### Exercise details
Could the data below be printed out exactly, with the pictures left out?

== Segment start ==

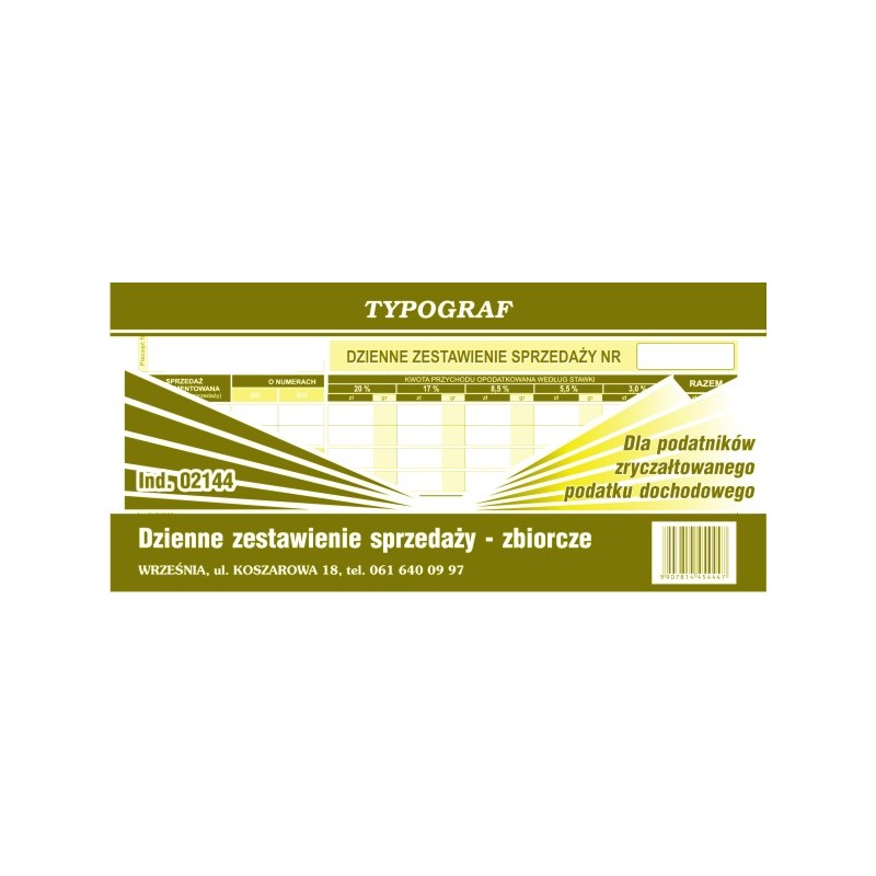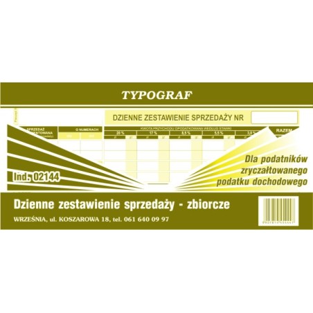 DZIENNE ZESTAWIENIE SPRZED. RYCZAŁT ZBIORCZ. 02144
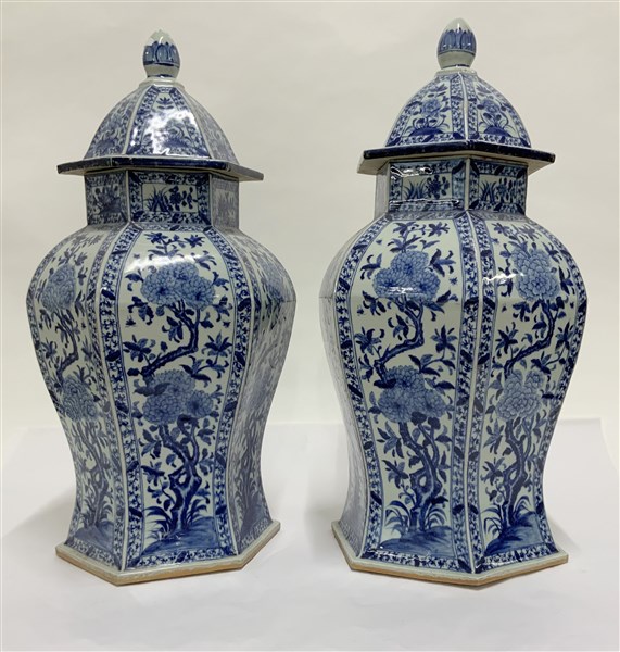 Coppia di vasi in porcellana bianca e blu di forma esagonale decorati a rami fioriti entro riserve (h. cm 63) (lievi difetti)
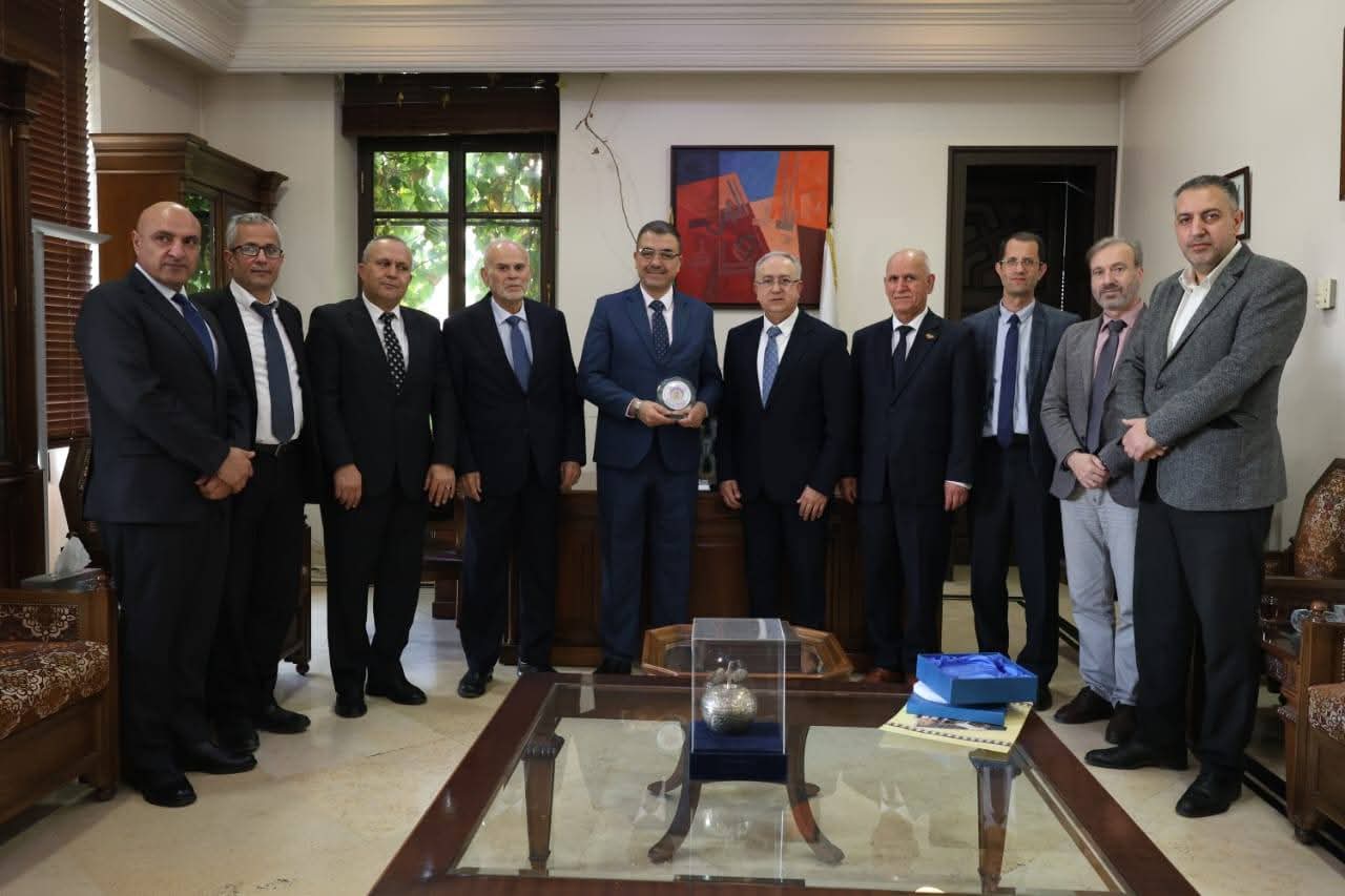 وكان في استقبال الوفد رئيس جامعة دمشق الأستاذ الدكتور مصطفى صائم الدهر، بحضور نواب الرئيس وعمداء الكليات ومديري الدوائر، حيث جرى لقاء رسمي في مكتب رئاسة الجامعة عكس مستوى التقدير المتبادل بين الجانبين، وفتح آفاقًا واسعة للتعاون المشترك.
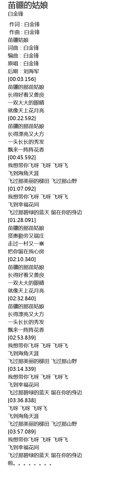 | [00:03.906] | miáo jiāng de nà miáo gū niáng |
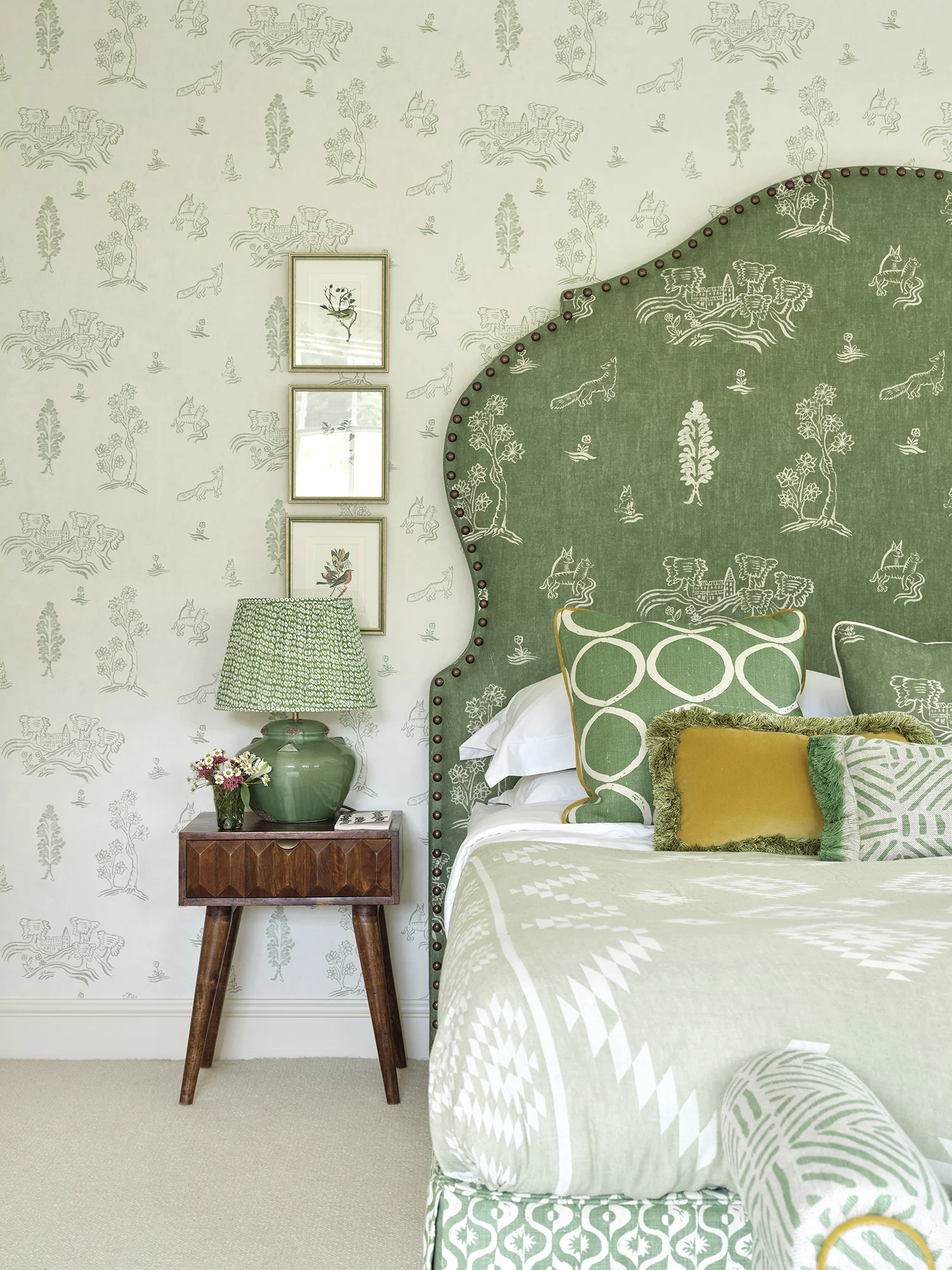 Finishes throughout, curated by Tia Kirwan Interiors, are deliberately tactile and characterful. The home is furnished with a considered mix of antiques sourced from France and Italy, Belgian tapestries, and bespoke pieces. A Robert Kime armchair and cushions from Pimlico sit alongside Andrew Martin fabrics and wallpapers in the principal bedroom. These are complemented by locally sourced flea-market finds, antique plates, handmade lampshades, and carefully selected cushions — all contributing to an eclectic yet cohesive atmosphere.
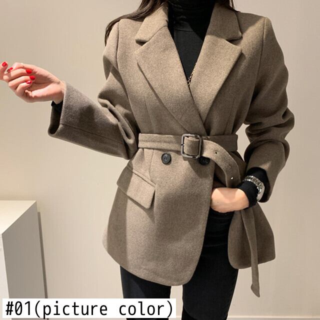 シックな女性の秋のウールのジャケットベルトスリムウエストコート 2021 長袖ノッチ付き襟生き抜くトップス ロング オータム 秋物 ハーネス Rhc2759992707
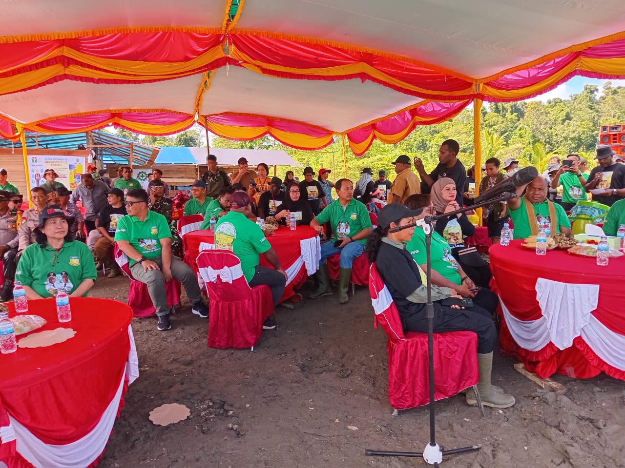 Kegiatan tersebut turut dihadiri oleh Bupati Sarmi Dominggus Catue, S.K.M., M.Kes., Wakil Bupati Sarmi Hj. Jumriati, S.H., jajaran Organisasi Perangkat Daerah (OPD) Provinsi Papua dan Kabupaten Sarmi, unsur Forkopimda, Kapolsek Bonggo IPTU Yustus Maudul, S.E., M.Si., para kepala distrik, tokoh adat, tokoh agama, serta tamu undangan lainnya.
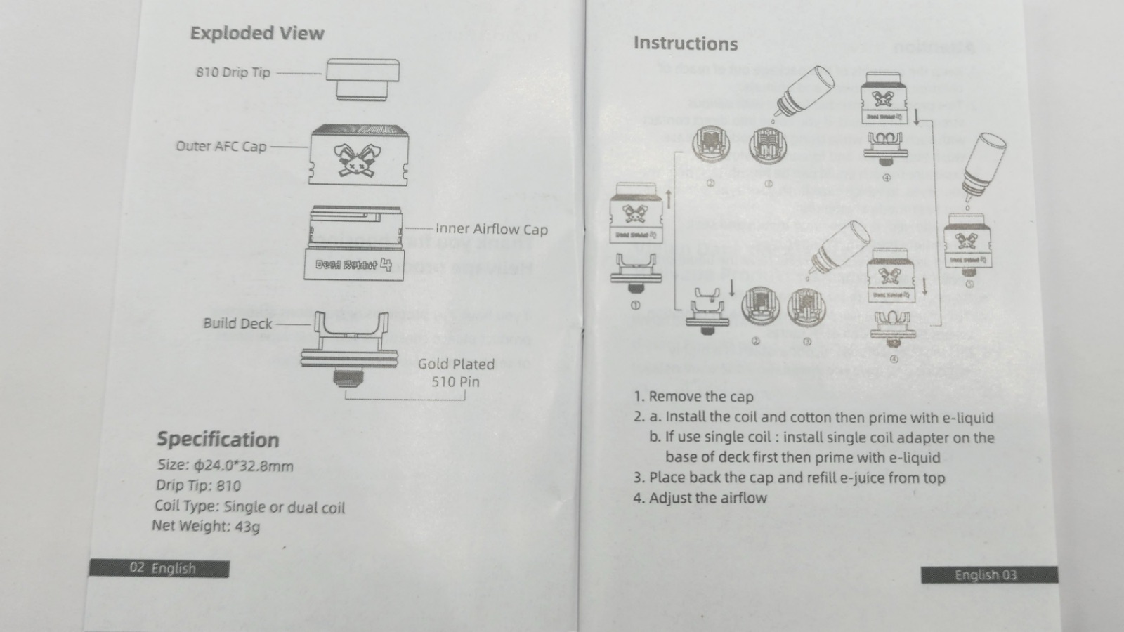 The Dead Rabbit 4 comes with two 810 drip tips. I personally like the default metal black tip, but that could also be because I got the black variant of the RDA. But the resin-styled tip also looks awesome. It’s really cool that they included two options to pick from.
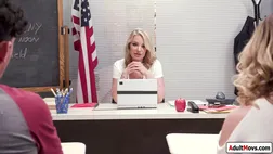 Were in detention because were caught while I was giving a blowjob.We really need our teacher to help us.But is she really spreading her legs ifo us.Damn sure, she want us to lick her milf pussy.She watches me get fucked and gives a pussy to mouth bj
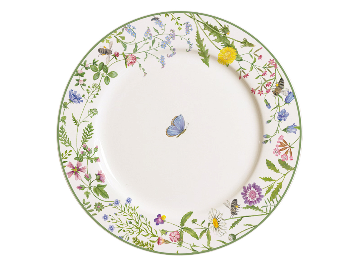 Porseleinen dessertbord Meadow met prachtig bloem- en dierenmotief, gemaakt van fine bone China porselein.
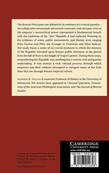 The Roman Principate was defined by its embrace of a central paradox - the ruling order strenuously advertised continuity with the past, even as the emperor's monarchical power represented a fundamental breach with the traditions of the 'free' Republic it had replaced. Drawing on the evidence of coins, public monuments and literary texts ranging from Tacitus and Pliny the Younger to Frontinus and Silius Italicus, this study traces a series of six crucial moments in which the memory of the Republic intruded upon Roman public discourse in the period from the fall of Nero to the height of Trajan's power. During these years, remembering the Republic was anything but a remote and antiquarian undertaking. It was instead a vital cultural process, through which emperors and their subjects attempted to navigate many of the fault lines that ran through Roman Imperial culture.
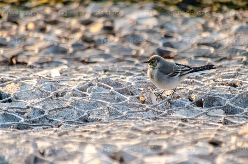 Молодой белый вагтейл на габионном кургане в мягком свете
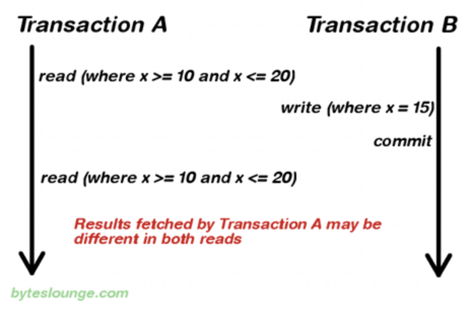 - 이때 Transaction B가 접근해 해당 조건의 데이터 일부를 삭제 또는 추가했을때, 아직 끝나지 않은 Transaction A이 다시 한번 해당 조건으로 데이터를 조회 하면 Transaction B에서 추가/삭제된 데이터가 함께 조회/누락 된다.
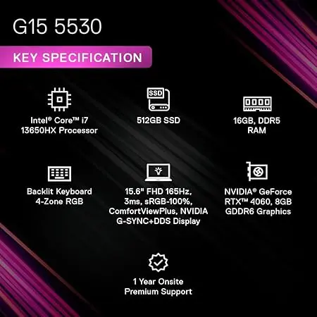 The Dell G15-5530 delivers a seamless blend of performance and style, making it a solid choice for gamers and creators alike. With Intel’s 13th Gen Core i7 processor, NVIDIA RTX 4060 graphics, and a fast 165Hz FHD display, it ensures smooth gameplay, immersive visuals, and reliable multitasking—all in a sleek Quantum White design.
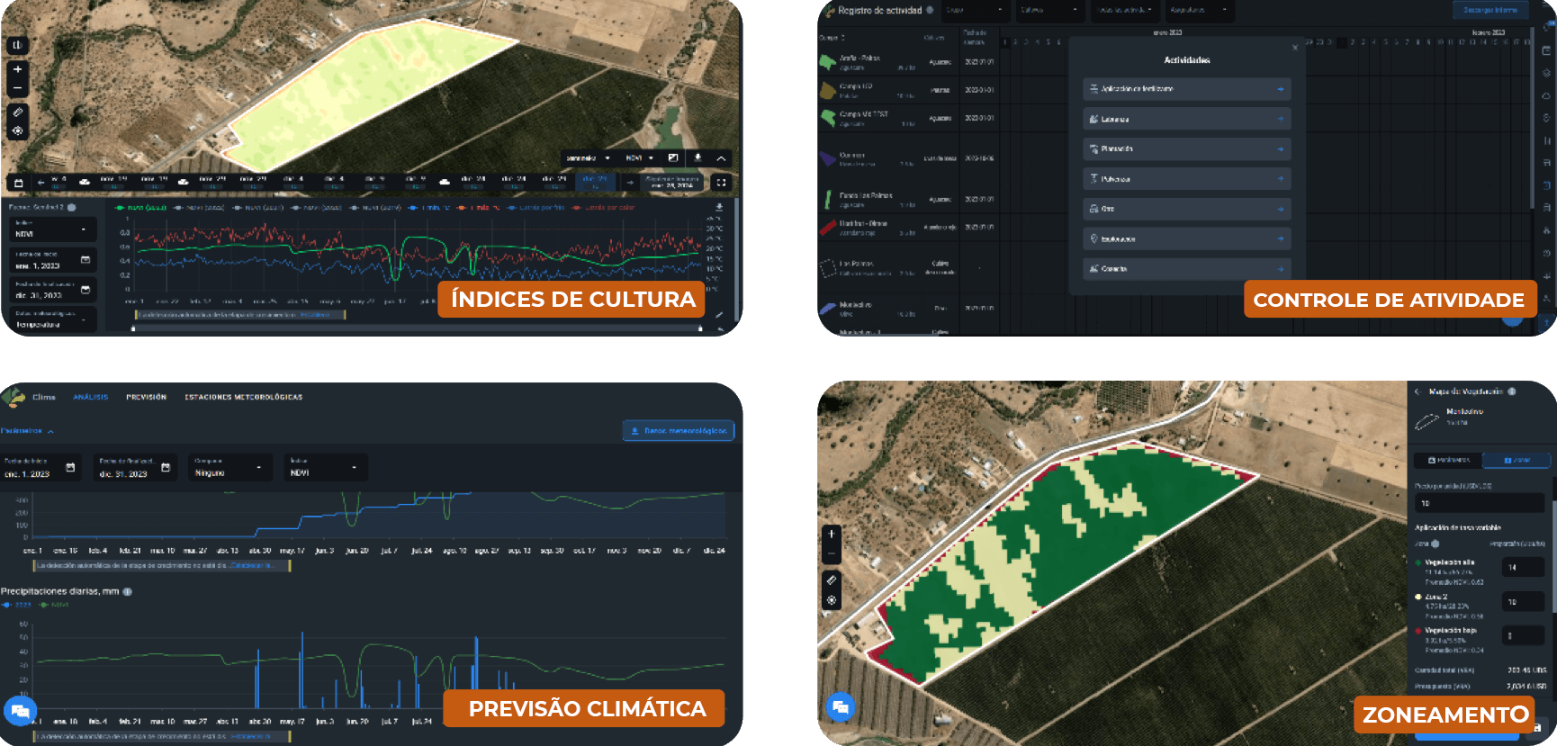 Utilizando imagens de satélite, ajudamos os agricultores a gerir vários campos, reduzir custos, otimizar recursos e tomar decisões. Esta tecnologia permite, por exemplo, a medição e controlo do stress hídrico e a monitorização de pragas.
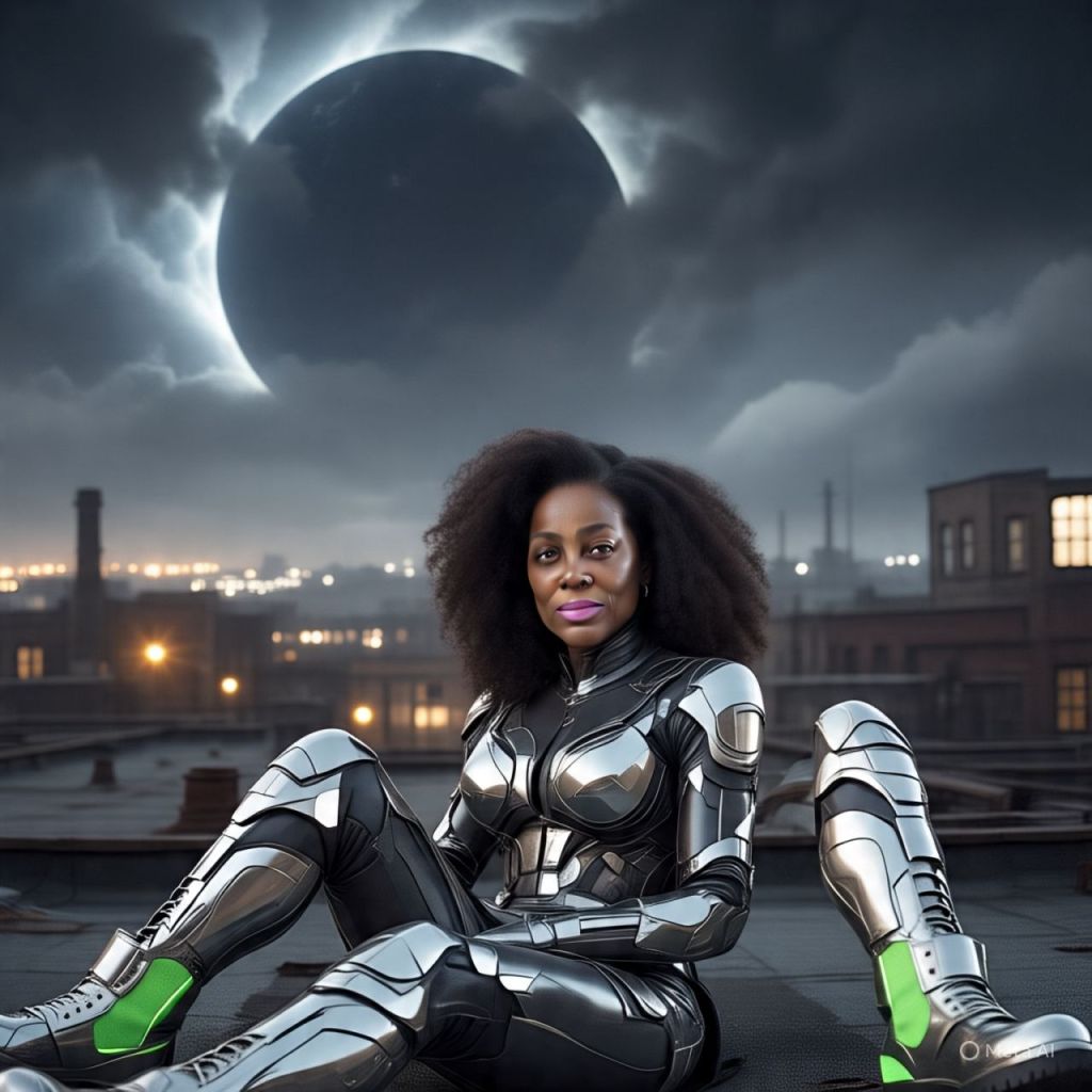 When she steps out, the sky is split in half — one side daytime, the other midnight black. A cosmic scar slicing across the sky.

== Segment end ==

### Solution to this task
 DZIENNE ZESTAWIENIE SPRZED. RYCZAŁT ZBIORCZ. 02144
 Coppia di vasi in porcellana bianca e blu di forma esagonale decorati a rami fioriti entro riserve (h. cm 63) (lievi difetti)
 وكان في استقبال الوفد رئيس جامعة دمشق الأستاذ الدكتور مصطفى صائم الدهر، بحضور نواب الرئيس وعمداء الكليات ومديري الدوائر، حيث جرى لقاء رسمي في مكتب رئاسة الجامعة عكس مستوى التقدير المتبادل بين الجانبين، وفتح آفاقًا واسعة للتعاون المشترك.
 | [00:03.906] | miáo jiāng de nà miáo gū niáng |
 Finishes throughout, curated by Tia Kirwan Interiors, are deliberately tactile and characterful. The home is furnished with a considered mix of antiques sourced from France and Italy, Belgian tapestries, and bespoke pieces. A Robert Kime armchair and cushions from Pimlico sit alongside Andrew Martin fabrics and wallpapers in the principal bedroom. These are complemented by locally sourced flea-market finds, antique plates, handmade lampshades, and carefully selected cushions — all contributing to an eclectic yet cohesive atmosphere.
 シックな女性の秋のウールのジャケットベルトスリムウエストコート 2021 長袖ノッチ付き襟生き抜くトップス ロング オータム 秋物 ハーネス Rhc2759992707
 Kegiatan tersebut turut dihadiri oleh Bupati Sarmi Dominggus Catue, S.K.M., M.Kes., Wakil Bupati Sarmi Hj. Jumriati, S.H., jajaran Organisasi Perangkat Daerah (OPD) Provinsi Papua dan Kabupaten Sarmi, unsur Forkopimda, Kapolsek Bonggo IPTU Yustus Maudul, S.E., M.Si., para kepala distrik, tokoh adat, tokoh agama, serta tamu undangan lainnya.
 The Dead Rabbit 4 comes with two 810 drip tips. I personally like the default metal black tip, but that could also be because I got the black variant of the RDA. But the resin-styled tip also looks awesome. It’s really cool that they included two options to pick from.
 Were in detention because were caught while I was giving a blowjob.We really need our teacher to help us.But is she really spreading her legs ifo us.Damn sure, she want us to lick her milf pussy.She watches me get fucked and gives a pussy to mouth bj
 Porseleinen dessertbord Meadow met prachtig bloem- en dierenmotief, gemaakt van fine bone China porselein.
 The Roman Principate was defined by its embrace of a central paradox - the ruling order strenuously advertised continuity with the past, even as the emperor's monarchical power represented a fundamental breach with the traditions of the 'free' Republic it had replaced. Drawing on the evidence of coins, public monuments and literary texts ranging from Tacitus and Pliny the Younger to Frontinus and Silius Italicus, this study traces a series of six crucial moments in which the memory of the Republic intruded upon Roman public discourse in the period from the fall of Nero to the height of Trajan's power. During these years, remembering the Republic was anything but a remote and antiquarian undertaking. It was instead a vital cultural process, through which emperors and their subjects attempted to navigate many of the fault lines that ran through Roman Imperial culture.
 Молодой белый вагтейл на габионном кургане в мягком свете
 - 이때 Transaction B가 접근해 해당 조건의 데이터 일부를 삭제 또는 추가했을때, 아직 끝나지 않은 Transaction A이 다시 한번 해당 조건으로 데이터를 조회 하면 Transaction B에서 추가/삭제된 데이터가 함께 조회/누락 된다.
 The Dell G15-5530 delivers a seamless blend of performance and style, making it a solid choice for gamers and creators alike. With Intel’s 13th Gen Core i7 processor, NVIDIA RTX 4060 graphics, and a fast 165Hz FHD display, it ensures smooth gameplay, immersive visuals, and reliable multitasking—all in a sleek Quantum White design.
 Utilizando imagens de satélite, ajudamos os agricultores a gerir vários campos, reduzir custos, otimizar recursos e tomar decisões. Esta tecnologia permite, por exemplo, a medição e controlo do stress hídrico e a monitorização de pragas.
 When she steps out, the sky is split in half — one side daytime, the other midnight black. A cosmic scar slicing across the sky.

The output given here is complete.